Problem requirements:
Nothing but the text of the listing, repeated exactly, belongs in the answer; leave the images out.

------ Extracted material

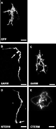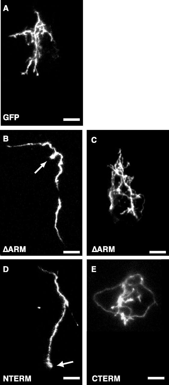 Axonal arborization phenotypes of RGCs expressing β-catenin deletion mutants. Projected confocal z-series images taken of axon arbors in live tadpoles show arbor morphologies for RGCs expressing GFP (A) or GFP-tagged-β-catenin deletion mutants (B-E). RGC axons that express the β-catenin deletion mutant ÎARM have two distinct phenotypes. They either do not arborize (B) or they arborize but contain longer, tangled branches (C). RGC axons expressing the β-catenin deletion mutant NTERM form severely reduced arbors (D) that are similar to the subpopulation of ÎARM arbors with no or few branches (B). RGC axons expressing CTERM form arbors with long, tangled branches (E) that are similar to the subpopulation of ÎARM arbors with effusive branching (C). RGC axons that express ÎARM and NTERM and form severely reduced arbors (B, D) also have bulbous endings at their axon/branch tips (B, D, arrows) and appear thicker than RGC arbors that express GFP, ÎARM, and CTERM (compare axon/branch thicknesses in B, D with those in A, C, E). Note that at the level of magnification of these projected confocal z-series (40Ã), all of the GFP-tagged-β-catenin deletion mutant constructs appear to be uniformly distributed within the axon terminals and arbors. Scale bars: A-E, 20 μm.
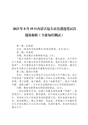 2023年8月19日内蒙古包头市直遴选笔试真题及解析(专业知识测试).docx
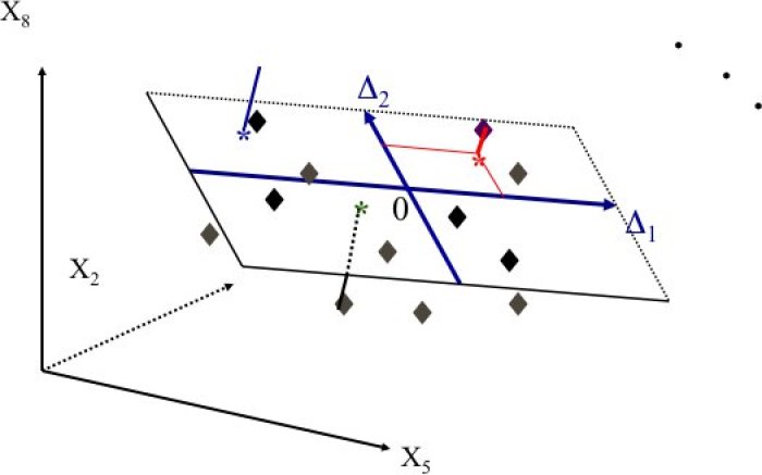 On peut également avoir une approche géométrique pour illustrer l'analyse factorielle (approche liée à l'analyse en composantes principales, ACP).
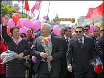 Представники Соціалістичної партії України на чолі з лідером Олександром Морозом разом з ветеранами Червоної Армії пройшли окремою урочистою ходою від Бессарабської площі до площі Слави, віддаючи данину пам'яті воїнам-визволителям під переважно червоними прапорами і партійною символікою. Олександр Мороз закликав "не спекулювати на темі про статус воїнів УПА, а вирішити це питання без поспіху, не включаючи до коаліційної угоди". Про це він сказав в інтерв’ю журналістам сьогодні після покладання квітів до могили Невідомому солдату у парку Вічної слави в Києві. Як повідомили у прес-службі СПУ, пан Мороз вважає, що “не потрібно під умовою коаліції включати питання, які можуть розколоти суспільство”. За його словами, неодноразово в окремій розмові Президент України Віктор Ющенко висловлювався за те, що треба винести за дужки усі ті питання, які потребують додаткового вивчення і вирішення не в політичний, а в прийнятний для суспільства спосіб. Напередодні, президент Ющенко закликав ветеранів Радянської та Української повстанської армій до примирення заради майбутнього. В сьогоднішньому інтерв’ю телеканалу Інтер пан Ющенко наголосив на відповідальності за це українських політиків. | Також на цю тему Ющенко закликав ВР вшанувати УПА09 травня, 2006 | УКРАЇНА Звернення Ющенка до 9 травня не чують?08 травня, 2006 | УКРАЇНА Єхануров: урядова коаліція на чотирьох08 травня, 2006 | УКРАЇНА | ||||||||||||||||||||||||||||||||||||||||||||||||||||||||||||||||||||||||||||||||||
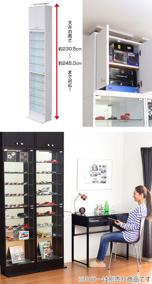 大型のフィギュアも収納可能なハイタイプのコレクションラックです。高さ180cmの本体に上置き棚を置くことによって、収納力がさらにUPします。上置き棚には突っ張りが付いているので、横揺れが少なくなり安全性が高くなります。また別売りのミラーを付ければ、コレクションを正面から360度楽しむことができます。
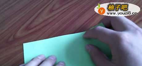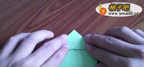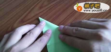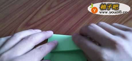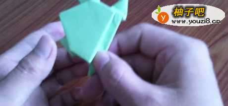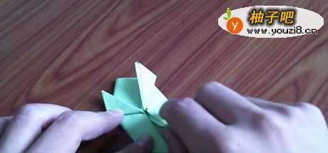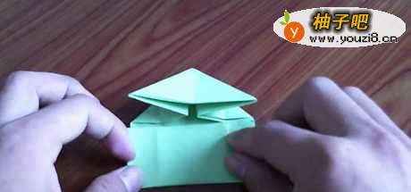 7把刚刚折好的青蛙身体对折一下,再开启,纸青蛙就完成了。
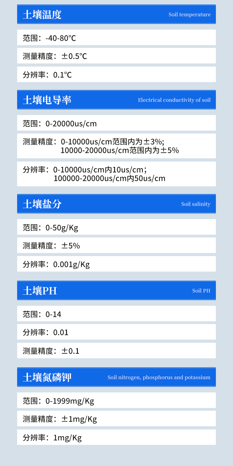 土壤水分:土壤容積含水量(%);范圍:0-100%;測(cè)量精度:0-50%范圍內(nèi),±2% ;50-100%范圍內(nèi),±3%;分辨率:0.1%;互換精度:<3%>土壤溫度:范圍:-40-80℃                測(cè)量精度:±0.5℃                分辨率:0.1℃                土壤電導(dǎo)率:                范圍:0-20000us/cm                測(cè)量精度:0-10000us/cm范圍內(nèi)為±3%;10000-20000us/cm范圍內(nèi)為±5%                分辨率:0-10000us/cm內(nèi)10us/cm;100000-20000us/cm內(nèi)50us/cm土壤鹽分:范圍:0-50g/Kg                測(cè)量精度:±5%                分辨率:0.001g/Kg土壤PH:范圍:0-14                分辨率:0.01                測(cè)量精度:±0.1土壤氮磷鉀:范圍:0-1999mg/Kg                測(cè)量精度:±1mg/Kg                分辨率:1mg/Kg                儀器尺寸:204*100*36(mm)(長(zhǎng)*寬*高)                重量:0.3kg                軟件:上位機(jī)軟件免費(fèi)贈(zèng)送                包裝尺寸:450*190*350mm                包裝重量:3.6kg

------------

The answer:
 Axonal arborization phenotypes of RGCs expressing β-catenin deletion mutants. Projected confocal z-series images taken of axon arbors in live tadpoles show arbor morphologies for RGCs expressing GFP (A) or GFP-tagged-β-catenin deletion mutants (B-E). RGC axons that express the β-catenin deletion mutant ÎARM have two distinct phenotypes. They either do not arborize (B) or they arborize but contain longer, tangled branches (C). RGC axons expressing the β-catenin deletion mutant NTERM form severely reduced arbors (D) that are similar to the subpopulation of ÎARM arbors with no or few branches (B). RGC axons expressing CTERM form arbors with long, tangled branches (E) that are similar to the subpopulation of ÎARM arbors with effusive branching (C). RGC axons that express ÎARM and NTERM and form severely reduced arbors (B, D) also have bulbous endings at their axon/branch tips (B, D, arrows) and appear thicker than RGC arbors that express GFP, ÎARM, and CTERM (compare axon/branch thicknesses in B, D with those in A, C, E). Note that at the level of magnification of these projected confocal z-series (40Ã), all of the GFP-tagged-β-catenin deletion mutant constructs appear to be uniformly distributed within the axon terminals and arbors. Scale bars: A-E, 20 μm.
 2023年8月19日内蒙古包头市直遴选笔试真题及解析(专业知识测试).docx
 On peut également avoir une approche géométrique pour illustrer l'analyse factorielle (approche liée à l'analyse en composantes principales, ACP).
 Представники Соціалістичної партії України на чолі з лідером Олександром Морозом разом з ветеранами Червоної Армії пройшли окремою урочистою ходою від Бессарабської площі до площі Слави, віддаючи данину пам'яті воїнам-визволителям під переважно червоними прапорами і партійною символікою. Олександр Мороз закликав "не спекулювати на темі про статус воїнів УПА, а вирішити це питання без поспіху, не включаючи до коаліційної угоди". Про це він сказав в інтерв’ю журналістам сьогодні після покладання квітів до могили Невідомому солдату у парку Вічної слави в Києві. Як повідомили у прес-службі СПУ, пан Мороз вважає, що “не потрібно під умовою коаліції включати питання, які можуть розколоти суспільство”. За його словами, неодноразово в окремій розмові Президент України Віктор Ющенко висловлювався за те, що треба винести за дужки усі ті питання, які потребують додаткового вивчення і вирішення не в політичний, а в прийнятний для суспільства спосіб. Напередодні, президент Ющенко закликав ветеранів Радянської та Української повстанської армій до примирення заради майбутнього. В сьогоднішньому інтерв’ю телеканалу Інтер пан Ющенко наголосив на відповідальності за це українських політиків. | Також на цю тему Ющенко закликав ВР вшанувати УПА09 травня, 2006 | УКРАЇНА Звернення Ющенка до 9 травня не чують?08 травня, 2006 | УКРАЇНА Єхануров: урядова коаліція на чотирьох08 травня, 2006 | УКРАЇНА | ||||||||||||||||||||||||||||||||||||||||||||||||||||||||||||||||||||||||||||||||||
 大型のフィギュアも収納可能なハイタイプのコレクションラックです。高さ180cmの本体に上置き棚を置くことによって、収納力がさらにUPします。上置き棚には突っ張りが付いているので、横揺れが少なくなり安全性が高くなります。また別売りのミラーを付ければ、コレクションを正面から360度楽しむことができます。
 7把刚刚折好的青蛙身体对折一下,再开启,纸青蛙就完成了。
 土壤水分:土壤容積含水量(%);范圍:0-100%;測(cè)量精度:0-50%范圍內(nèi),±2% ;50-100%范圍內(nèi),±3%;分辨率:0.1%;互換精度:<3%>土壤溫度:范圍:-40-80℃                測(cè)量精度:±0.5℃                分辨率:0.1℃                土壤電導(dǎo)率:                范圍:0-20000us/cm                測(cè)量精度:0-10000us/cm范圍內(nèi)為±3%;10000-20000us/cm范圍內(nèi)為±5%                分辨率:0-10000us/cm內(nèi)10us/cm;100000-20000us/cm內(nèi)50us/cm土壤鹽分:范圍:0-50g/Kg                測(cè)量精度:±5%                分辨率:0.001g/Kg土壤PH:范圍:0-14                分辨率:0.01                測(cè)量精度:±0.1土壤氮磷鉀:范圍:0-1999mg/Kg                測(cè)量精度:±1mg/Kg                分辨率:1mg/Kg                儀器尺寸:204*100*36(mm)(長(zhǎng)*寬*高)                重量:0.3kg                軟件:上位機(jī)軟件免費(fèi)贈(zèng)送                包裝尺寸:450*190*350mm                包裝重量:3.6kg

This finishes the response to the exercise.